In den Brennereien der Region hat sich das " Schnapsbrennen" der vergangenen Jahre gewandelt, hin zur gezielten Herstellung und Vermarktung von Edelbränden, die zum Teil sortenrein destilliert für Furore sorgen und den Betrieben gute Zusatzeinkommen gewährleisten. Erzeugerzusammenschlüsse wie Eifel Premiumbrand oder Eifel-Edelbrand w.V. fördern ganz gezielt den Qualitätsgedanken.

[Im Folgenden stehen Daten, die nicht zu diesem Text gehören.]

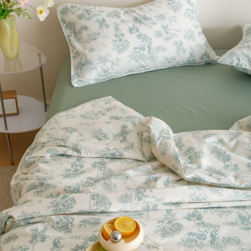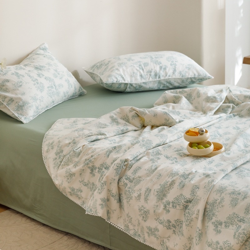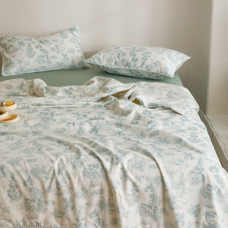Small Floral Summer Quilt Four-piece Set Pure Cotton Summer Quilt Soy Fiber Soft And Machine Washable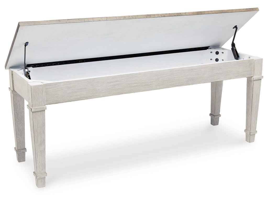 This bench invites you to strike a note for small space living. An inspired choice for coastal chic or modern farmhouse settings, this piano style bench with under seat storage sports a grayish white finish with rub through effect for timeworn appeal.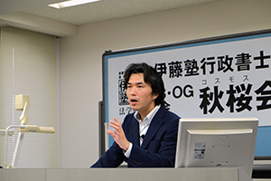 昨年から始まった特定行政書士の業務から視た、改正行政不服審査法について宅建業の依頼者とのやりとりを通じてお話されました。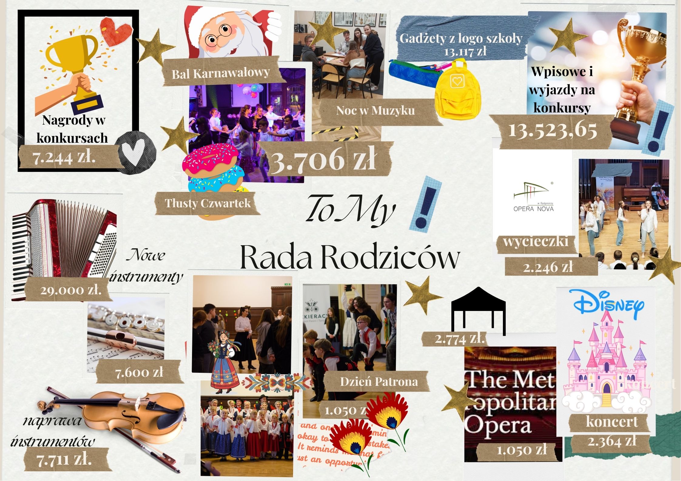 Z budżetu RR dofinansowywane są akcesoria muzyczne, zakup książek do biblioteki, remonty i strojenie instrumentów, imprezy i uroczystości szkolne, udział w konkursach i festiwalach (wpisowe, zakwaterowanie i transport).
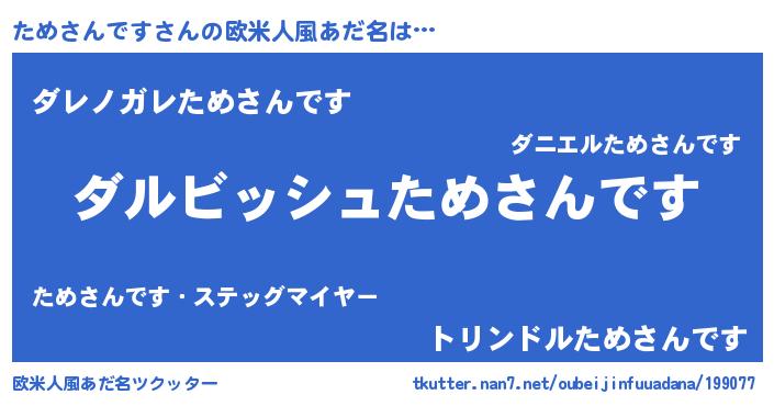 | 男性向けラノベタイトル風あだ名 | 『ためさんですという概念が存在しない退屈な世界 』 |

War der Anbau von Tafelobst in früherer Zeit nur auf die Eigenverwertung ausgerichtet, so hat sich das in den letzten Jahrzehnten grundlegend geändert. Zunehmend legen vorwiegend Winzer und Landwirte und auch junge ausgebildete Obstanbauer Kernobstintensivanlagen mit Pflanzdichten von 2000- 3300 Bäumen / ha an.

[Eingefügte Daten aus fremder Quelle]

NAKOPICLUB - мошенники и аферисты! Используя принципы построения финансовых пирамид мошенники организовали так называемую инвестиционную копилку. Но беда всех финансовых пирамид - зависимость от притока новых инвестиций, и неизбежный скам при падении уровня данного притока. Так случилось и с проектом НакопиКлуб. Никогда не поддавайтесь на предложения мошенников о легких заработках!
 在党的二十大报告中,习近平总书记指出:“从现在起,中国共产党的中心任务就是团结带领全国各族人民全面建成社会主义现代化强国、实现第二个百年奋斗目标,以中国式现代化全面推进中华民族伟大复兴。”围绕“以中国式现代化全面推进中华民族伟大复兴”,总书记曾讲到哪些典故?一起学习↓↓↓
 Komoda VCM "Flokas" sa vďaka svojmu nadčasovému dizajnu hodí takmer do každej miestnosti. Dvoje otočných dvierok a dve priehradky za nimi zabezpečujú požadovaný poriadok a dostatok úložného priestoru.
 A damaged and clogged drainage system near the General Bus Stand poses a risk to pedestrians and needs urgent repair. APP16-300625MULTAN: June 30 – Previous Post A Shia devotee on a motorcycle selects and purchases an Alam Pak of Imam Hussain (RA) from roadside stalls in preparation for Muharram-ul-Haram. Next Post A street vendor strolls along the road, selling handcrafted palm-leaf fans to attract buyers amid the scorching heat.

Die Vermarktung, fast der gesamten Produktion, geschieht im Direktabsatz ab Hof bzw. mobilen Verkaufsständen und auf den Wochenmärkten. Seit 2002 haben sich zunächst 5 Erzeuger der Region Trier- Luxemburg zusammen getan und vermarkten Kernobst in Premiumqualität gemeinsam und erfolgreich als (R)egion (O)bst (L)uxemburg (T)rier- EWIV- exclusiv unter dem Markennamen Eist Uebst / Us Uebscht über die Kette CACTUS in Luxemburg. Zur Produktionsabsicherung steht ein großer Teil dieser Fläche unter Hagelschutznetzen. Mittlerweile ist die Gruppe auf 12 Betriebe angewachsen, es werden auch Beerenobst und Gemüse angebaut und vermarktet. Parallel zum Aufschwung beim Tafelobstanbau ist in den vergangenen Jahren die Errichtung von Intensivmostobstanlagen (Buschbäume) mit ca. 600 - 800 Bäumen / ha geschehen. Diese Pflanzungen stehen häufiger in flächenstarken ehemaligen Landwirtschaftsbetrieben und sind vorwiegend im Vertragsanbau mit der Saftindustrie gepflanzt.

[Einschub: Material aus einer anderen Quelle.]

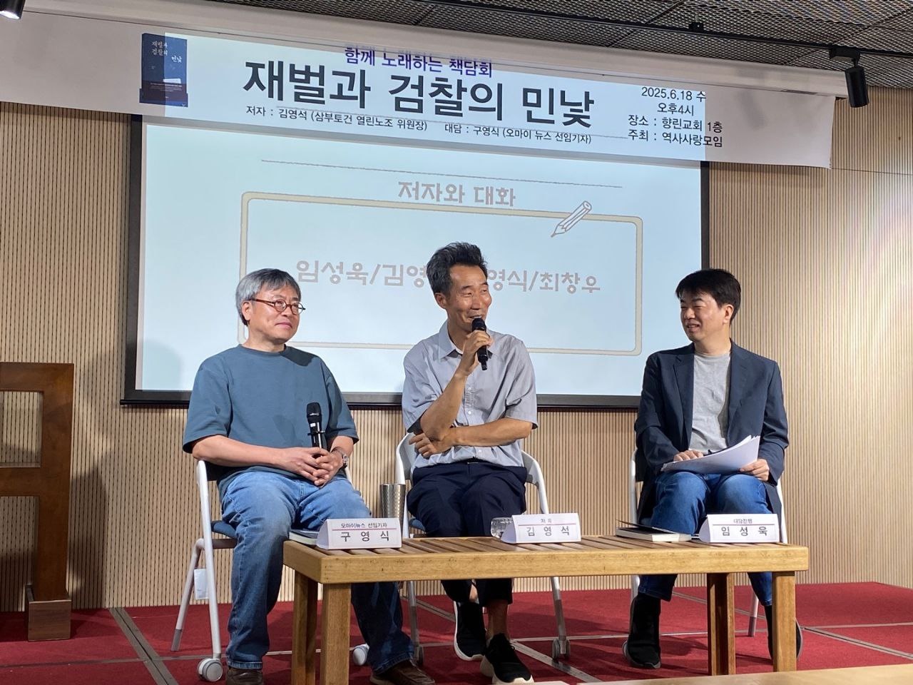 ¡ãÁö³ 6¿ù 18ÀÏ Ç⸰±³È¸¿¡¼ ¿¸° <Àç¹ú°ú °ËÂûÀÇ ¹Î³¸> Ã¥´ãȸ. ÀúÀÚÀÎ ±è¿µ¼® À§¿øÀå(»çÁø °¡¿îµ¥)ÀÌ Ã¥ ³»¿ë¿¡ ´ëÇØ ¹ß¾ðÇϰí ÀÖ´Ù. ¨Ï ¿ª»ç»ç¶û¸ðÀÓ Á¦°ø
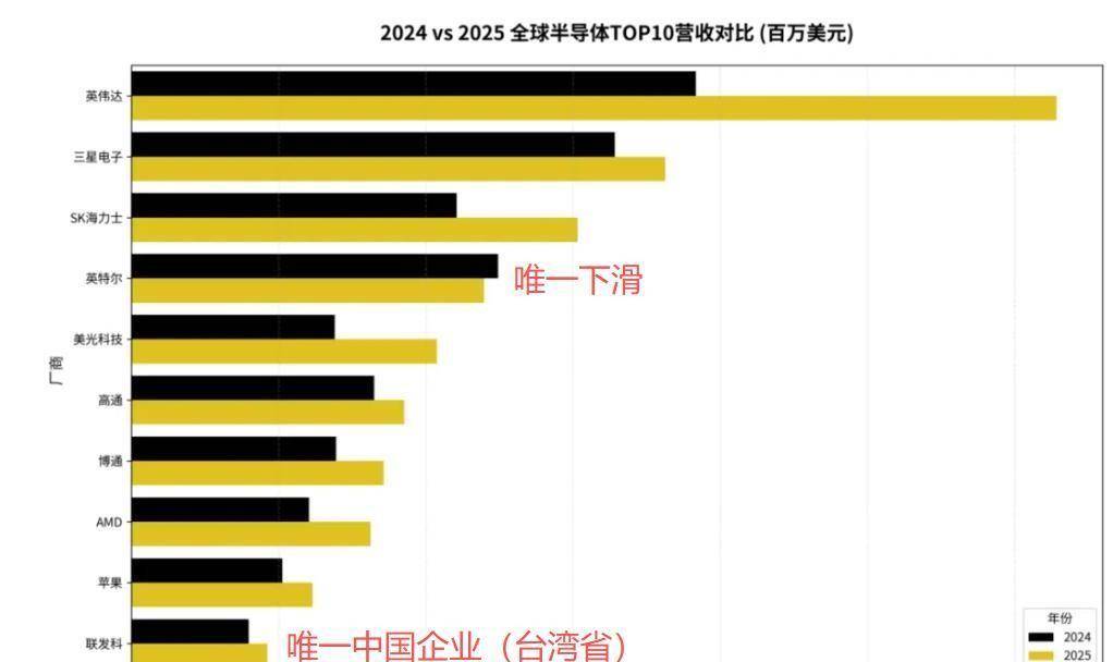 曾经不可一世的英特尔,营收同比下降了3.9%,只有479亿美元。 它的市场份额从2021年的12%,萎缩到了2025年的6%,刚好腰斩。 前十名里,除了英特尔,其他九家都在增长。

Der Erzeugergroßmarkt für Obst und Gemüse in Trier hatte seine Blütezeit in den 1950ziger Jahren, vorwiegend mit Beerenobstvermarktung und wird in der heutigen Zeit nur noch von wenigen Betrieben frequentiert.
Der Obstbau der Region Trier hat sich an die Gegebenheiten der Absatzmöglichkeiten angepasst und mit wohlschmeckenden, aromatischen Produkten einen festen Platz bei einer zunehmenden Käuferschar gefunden.